### Problem details
Up to and including the line that holds "With so few", print the data exactly from its first line; do not print the pictures.

### Extracted records
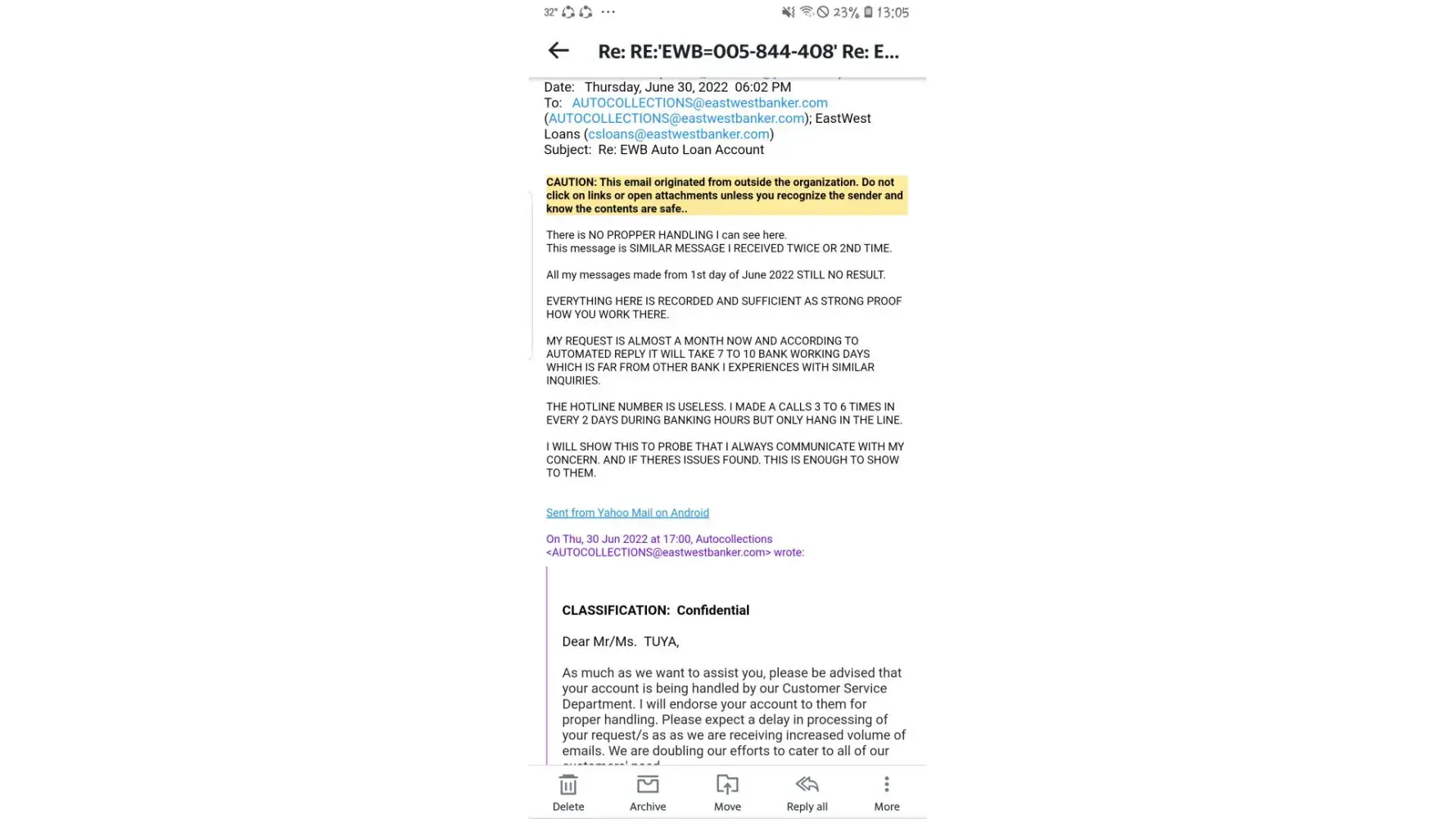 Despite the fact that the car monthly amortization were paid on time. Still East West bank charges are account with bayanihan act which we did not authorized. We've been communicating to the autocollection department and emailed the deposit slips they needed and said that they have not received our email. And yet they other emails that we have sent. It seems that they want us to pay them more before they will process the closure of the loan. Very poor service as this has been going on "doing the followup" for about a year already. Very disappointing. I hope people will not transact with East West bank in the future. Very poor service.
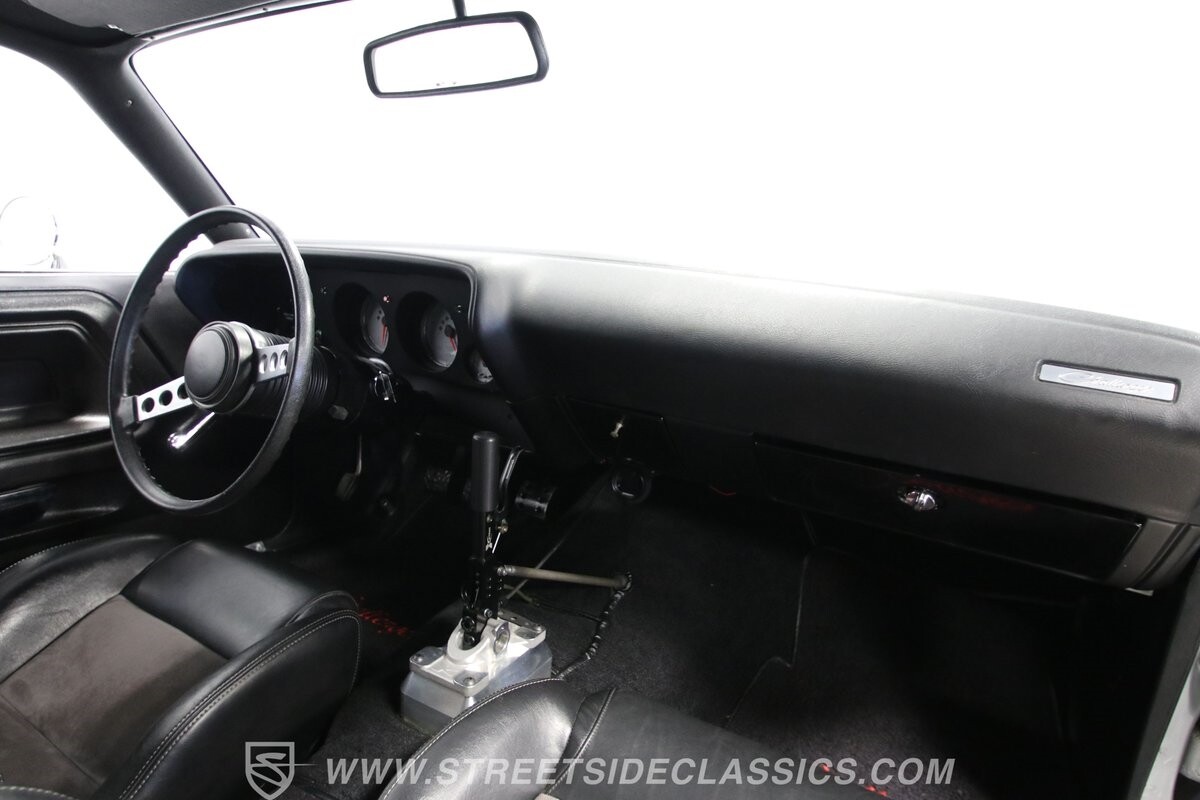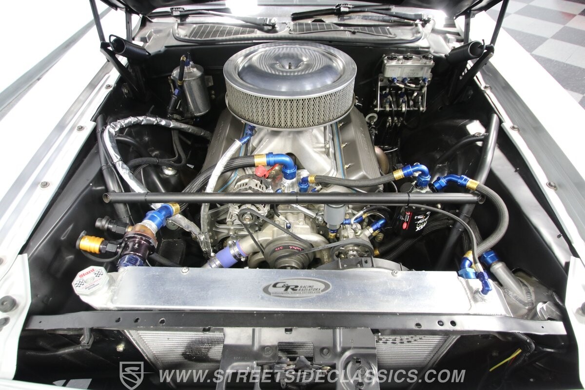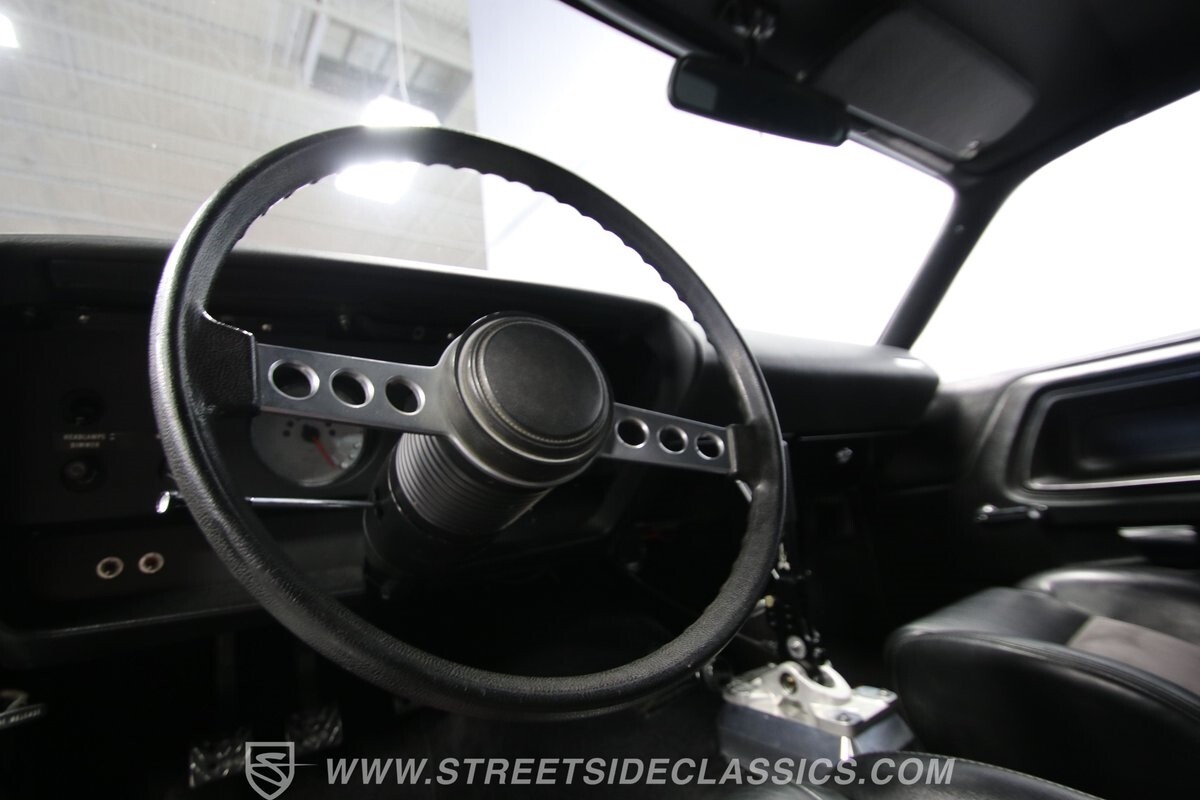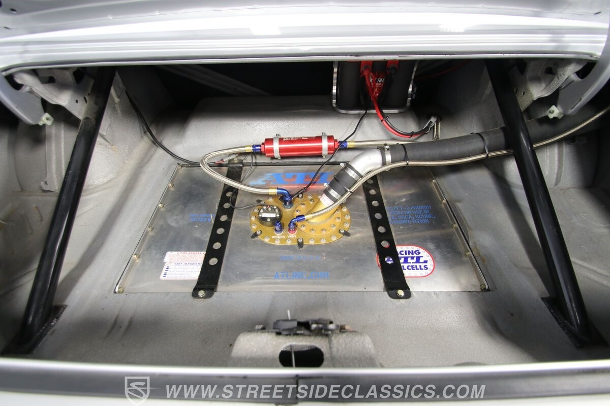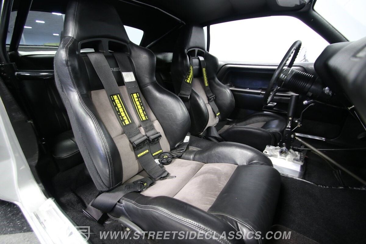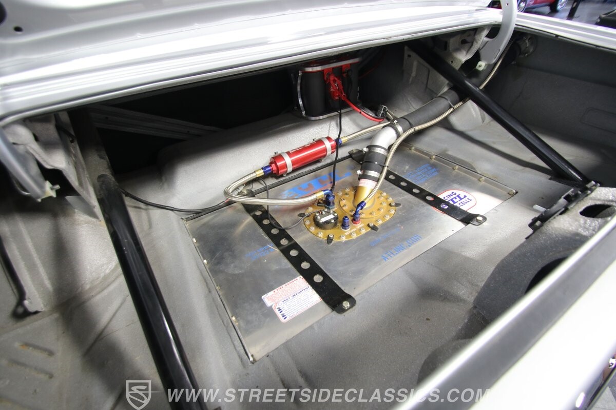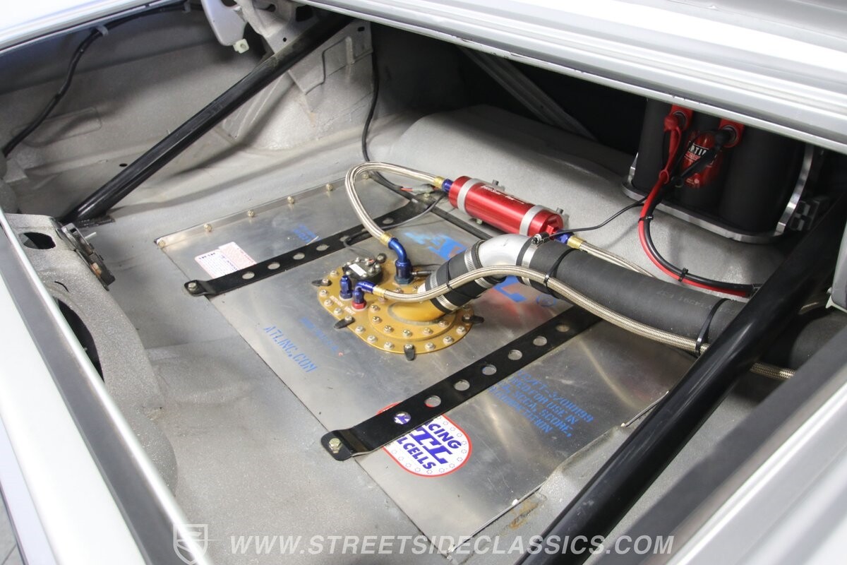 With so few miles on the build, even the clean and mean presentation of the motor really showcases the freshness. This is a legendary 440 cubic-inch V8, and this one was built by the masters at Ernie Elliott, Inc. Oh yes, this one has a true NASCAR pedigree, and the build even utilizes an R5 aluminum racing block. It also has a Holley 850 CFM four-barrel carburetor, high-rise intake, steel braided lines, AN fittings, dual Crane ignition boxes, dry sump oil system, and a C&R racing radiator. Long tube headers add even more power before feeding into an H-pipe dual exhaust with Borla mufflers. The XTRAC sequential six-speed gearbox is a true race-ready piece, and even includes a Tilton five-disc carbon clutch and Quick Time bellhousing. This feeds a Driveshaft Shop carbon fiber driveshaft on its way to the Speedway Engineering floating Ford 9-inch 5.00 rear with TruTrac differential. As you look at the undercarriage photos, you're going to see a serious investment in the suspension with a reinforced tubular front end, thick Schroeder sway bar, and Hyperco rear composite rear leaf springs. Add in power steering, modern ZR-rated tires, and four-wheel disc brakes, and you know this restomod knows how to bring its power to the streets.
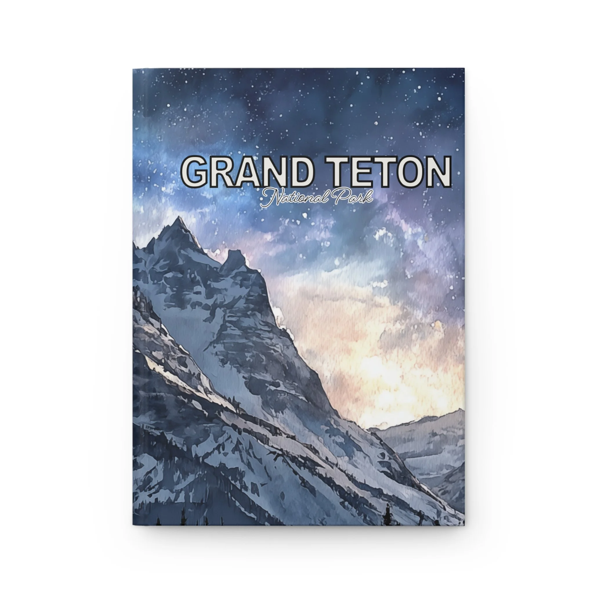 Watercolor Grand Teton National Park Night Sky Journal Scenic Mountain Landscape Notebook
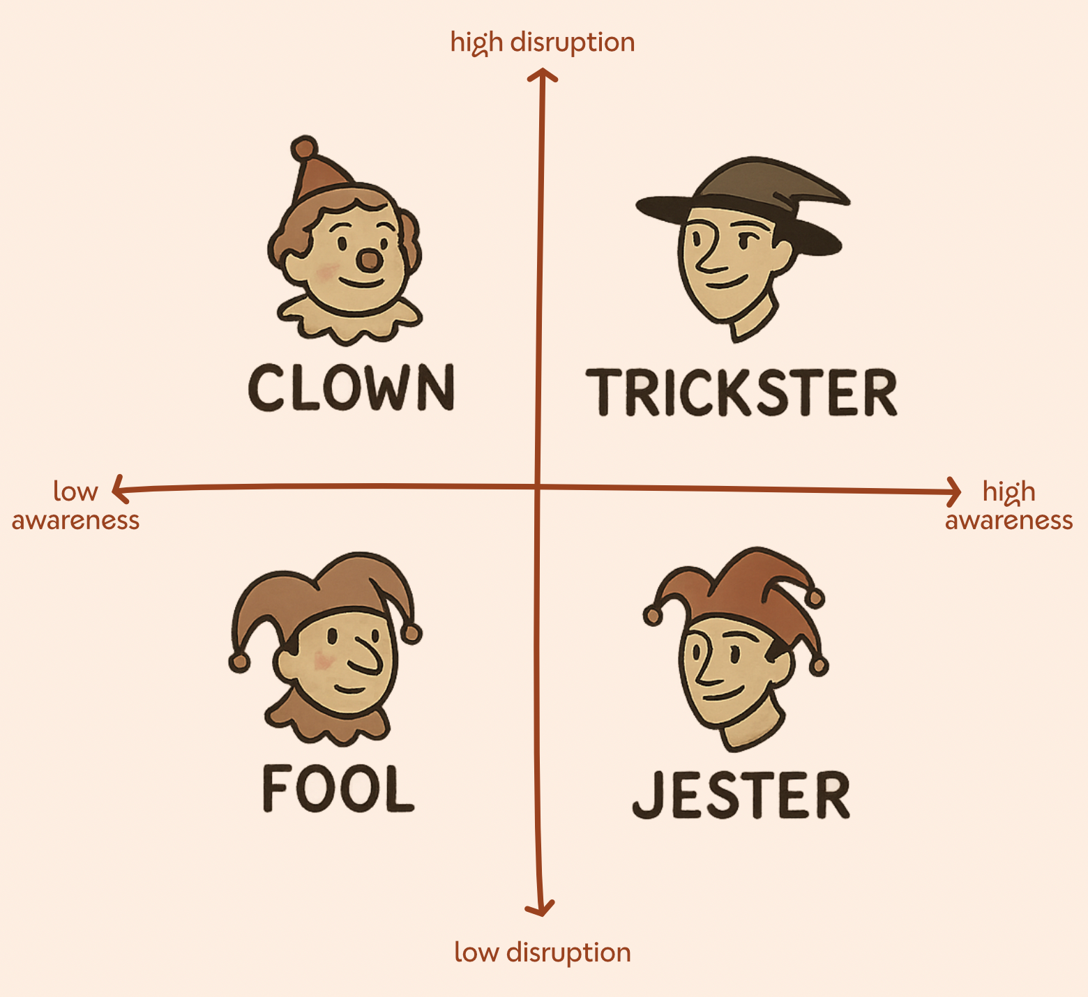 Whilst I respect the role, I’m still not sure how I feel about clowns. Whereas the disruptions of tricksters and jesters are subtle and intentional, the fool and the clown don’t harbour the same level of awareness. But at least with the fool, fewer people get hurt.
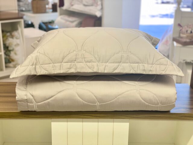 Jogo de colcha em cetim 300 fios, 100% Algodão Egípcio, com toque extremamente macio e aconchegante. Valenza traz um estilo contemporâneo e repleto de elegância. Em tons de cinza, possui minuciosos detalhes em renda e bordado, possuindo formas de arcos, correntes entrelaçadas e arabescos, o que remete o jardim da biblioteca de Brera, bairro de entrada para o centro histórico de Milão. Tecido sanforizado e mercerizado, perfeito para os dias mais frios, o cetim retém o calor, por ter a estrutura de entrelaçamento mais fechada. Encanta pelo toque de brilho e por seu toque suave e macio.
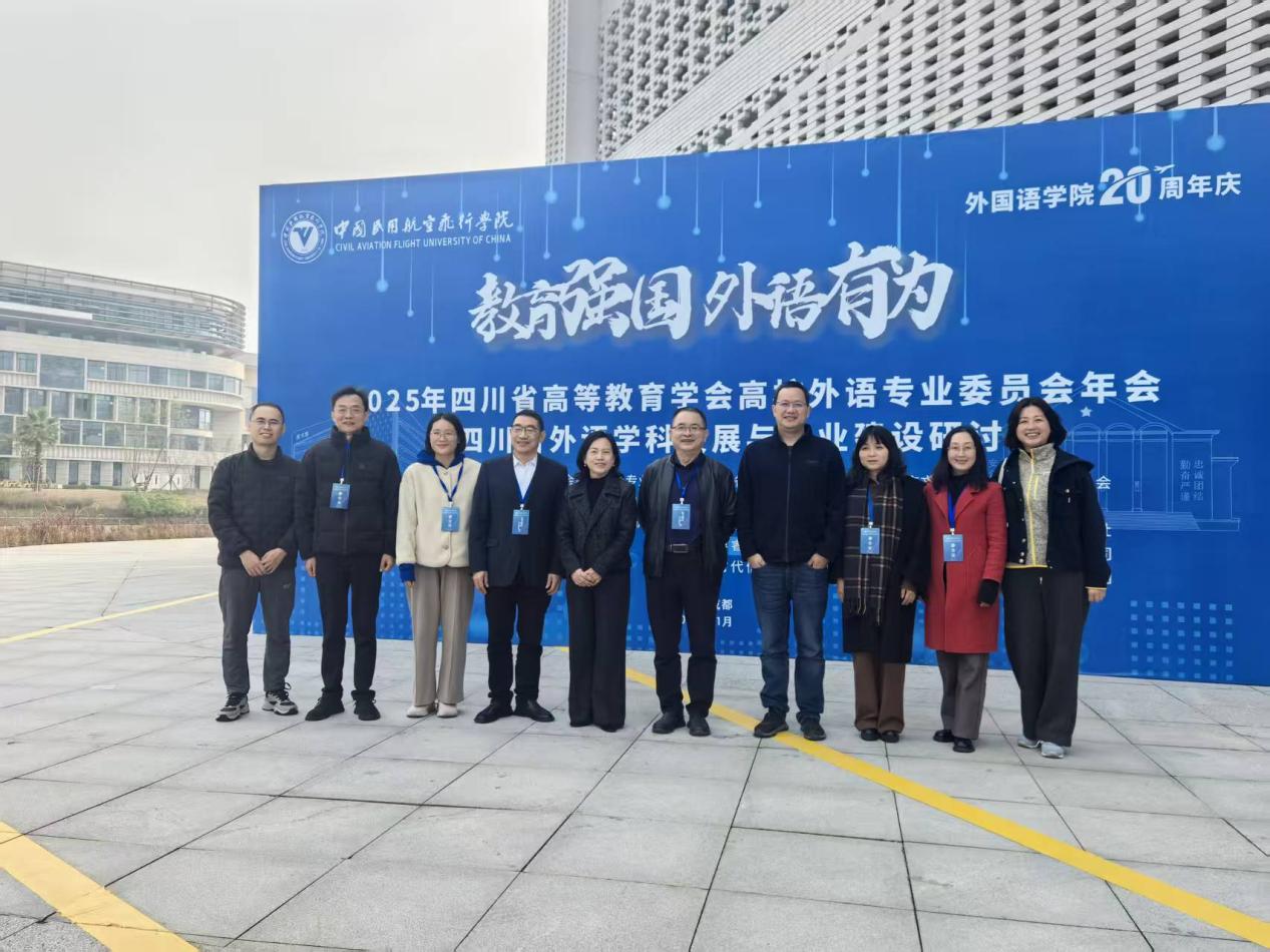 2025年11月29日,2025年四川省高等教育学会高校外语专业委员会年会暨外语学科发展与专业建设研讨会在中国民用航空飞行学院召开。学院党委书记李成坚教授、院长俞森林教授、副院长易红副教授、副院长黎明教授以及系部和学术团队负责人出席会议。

### Answer
 Despite the fact that the car monthly amortization were paid on time. Still East West bank charges are account with bayanihan act which we did not authorized. We've been communicating to the autocollection department and emailed the deposit slips they needed and said that they have not received our email. And yet they other emails that we have sent. It seems that they want us to pay them more before they will process the closure of the loan. Very poor service as this has been going on "doing the followup" for about a year already. Very disappointing. I hope people will not transact with East West bank in the future. Very poor service.
 With so few miles on the build, even the clean and mean presentation of the motor really showcases the freshness. This is a legendary 440 cubic-inch V8, and this one was built by the masters at Ernie Elliott, Inc. Oh yes, this one has a true NASCAR pedigree, and the build even utilizes an R5 aluminum racing block. It also has a Holley 850 CFM four-barrel carburetor, high-rise intake, steel braided lines, AN fittings, dual Crane ignition boxes, dry sump oil system, and a C&R racing radiator. Long tube headers add even more power before feeding into an H-pipe dual exhaust with Borla mufflers. The XTRAC sequential six-speed gearbox is a true race-ready piece, and even includes a Tilton five-disc carbon clutch and Quick Time bellhousing. This feeds a Driveshaft Shop carbon fiber driveshaft on its way to the Speedway Engineering floating Ford 9-inch 5.00 rear with TruTrac differential. As you look at the undercarriage photos, you're going to see a serious investment in the suspension with a reinforced tubular front end, thick Schroeder sway bar, and Hyperco rear composite rear leaf springs. Add in power steering, modern ZR-rated tires, and four-wheel disc brakes, and you know this restomod knows how to bring its power to the streets.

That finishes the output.